Roughly 2 in 5 of the RPS alumni who go on to college earned a year’s worth of college credit within two years of their high school graduation, according to federal data for the graduating class of 2015 for the city’s five comprehensive high schools.

Only 14% of that year’s total class earned at least 30 college credits, the National Student Clearinghouse reported.

Not surprisingly, most academically ill-prepared students crash and burn. Statistics don’t convey the personal tragedy. Some 25 years ago, I used to live next door to a guy who dropped out of college (I don’t know whether it was due to lack of academic preparation or the difficulty of paying the bills.) He worked as a check-out clerk at Blockbuster. I judge that his life really sucked by the fact that he frequently took out his frustrations on his girlfriend. One time her screams were so bad I nearly called the police. (Looking back, I probably should have. But that was long before the #metoo era, and I was more worried then about being tagged a racist busybody than a misogynist.) I felt bad for him.
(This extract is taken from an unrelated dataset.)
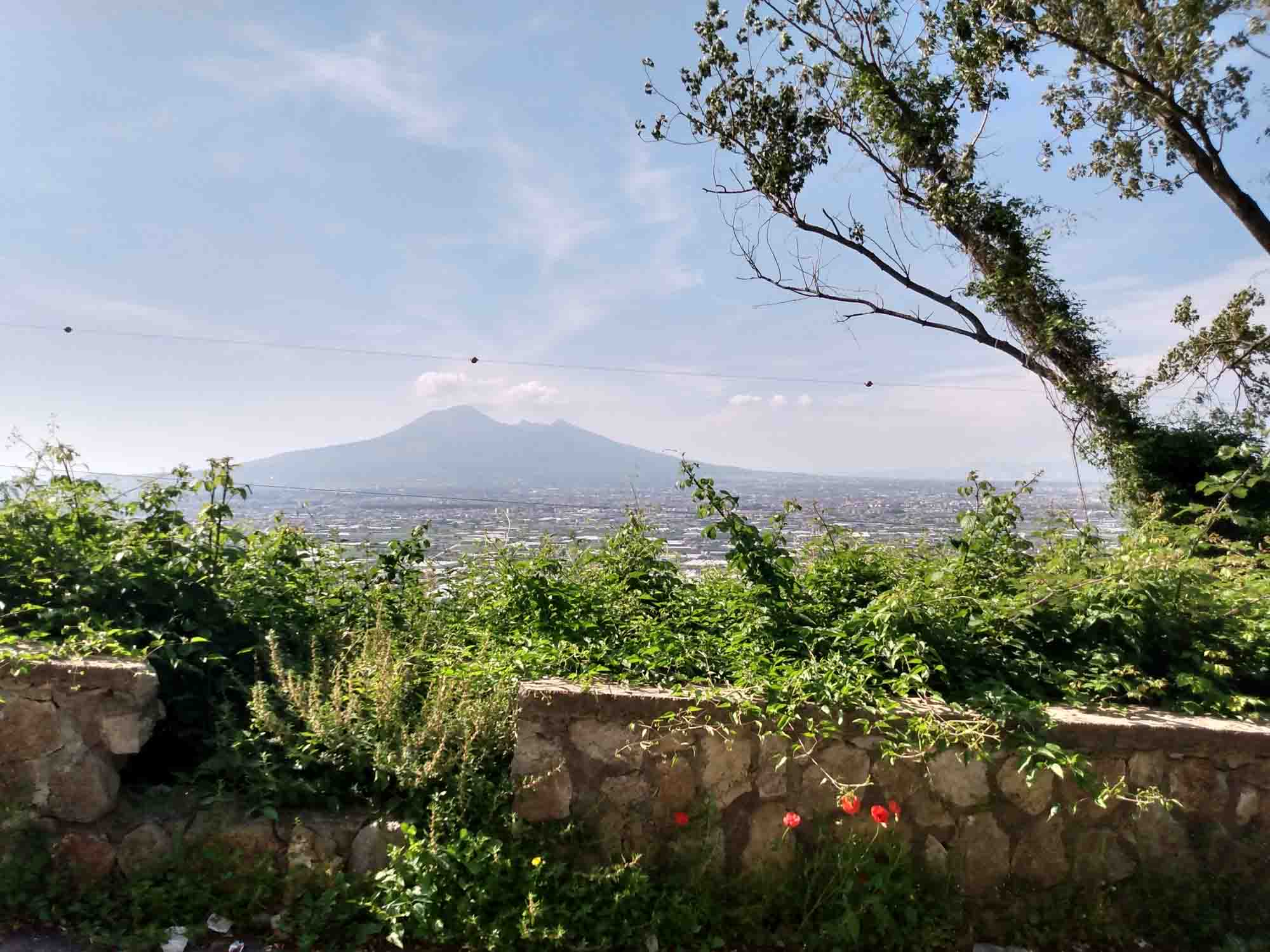 Eigentlich sollte es nur eine kurze Etappe bis zu einem kostenlosen Wohnmobilstellplatz in Santa Maria Capu Vetere, nördlich von Neapel, werden. Aber der Platz war weder sonderlich schön, noch machte die Gruppe von vermutlich Demonstranten, die am nördlichen Ende des Platzes ein bengalisches Feuer entzündet hatten, einen sehr vertrauenserweckenden Eindruck. Also erledigten wir mal wieder das Entleeren und Neubefüllen unserer diversen Tanks und fuhren weiter. Weiter? Nur wohin? Stellplätze sind in der Region von Neapel absolute Mangelware. Die nächstbeste Möglichkeit, um morgen früh in Pompeii zu sein, erschien uns der Parkplatz des Castello di Lettere, das etwas südlich von Pompeii liegt. Nach etwa zwei weiteren Stunden Fahrt bei mittlerweile ziemlich heißen Temperaturen, standen wir vor einem steilen Stück Straße, das nur für Anwohner erlaubt war. 1,8 km dahinter sollte der Parkplatz der Burg sein. Wir fuhren weiter und fuhren die mit Sicherheit steilste Straße hinauf, die wir jemals gefahren sind, immer hoffend, dass auf dieser engen Straße kein Gegenverkehr kommt. Zwei Passagen wurden durch Ampeln geregelt, der Rest war pures Glück. Vor der zweiten Ampel wollten wir eigentlich drehen, was aber auf der schrägen Straße ebenfalls unmöglich war. Eine hinter uns wartende Frau kam uns zu Hilfe, fragte uns, wo wir hinwollten und erklärte, dass wir auch mit unserem Wohnmobil zur Burg fahren könnten. Sie fuhr vorneweg und wir hinterher und so erreichten wir wohlbehalten den kleinen Parkplatz der Burg. Vielleicht 10 Fahrzeuge passten dort hin und auch wir fanden einen passenden Parkplatz. Allerdings stand auf dem ersten Parkplatz bereits ein Polizeiwagen. Und auch sonst war dies nicht der passende Ort für eine Übernachtung. Wir suchten noch einmal und fanden dann die ideale Lösung für heute: Einen Campingplatz direkt am Eingang von Pompeii. Eine halbe Stunde später waren wir dort und stellten den Wagen unter Orangenbäumen ab. 5 Minuten später waren wir am Eingang von Pompeii und brachten in Erfahrung, dass wir unsere Berta morgen würden mitnehmen können. Ziemlich müde von dem aufregenden und anstrengenden Tag fielen wir nach dem Abendbrot bald in den Schlaf.

He was a decent enough fellow most of the time, whose life had hit a dead end. I’m sure he felt like a failure. I’m sure he felt tormented.

The fact is, not everybody is cut out for college. But some are equipped for manual trades and occupations, from brick masonry to nursing home aides, that pay a living wage. I don’t have the numbers, but my sense is that public schools have systematically under-invested in education of the trades — out of a misguided sense that is “racist” to shunt minorities off the college-prep track. Well, this isn’t the 1950s anymore. It’s time to acknowledge the damage done by funneling students onto college/career paths where they have little hope of succeeding. Surely we can encourage those who have the potential to succeed in college while providing career alternatives for those who don’t,

Update: I have updated the second-to-last paragraph in response to criticism posted on the Blue Virginia blog. I opened myself up to that criticism for giving an incomplete explanation of the girlfriend-beating incident and its context. I have provided the additional context. If people still want to criticize my reluctance to call the police, then so be it.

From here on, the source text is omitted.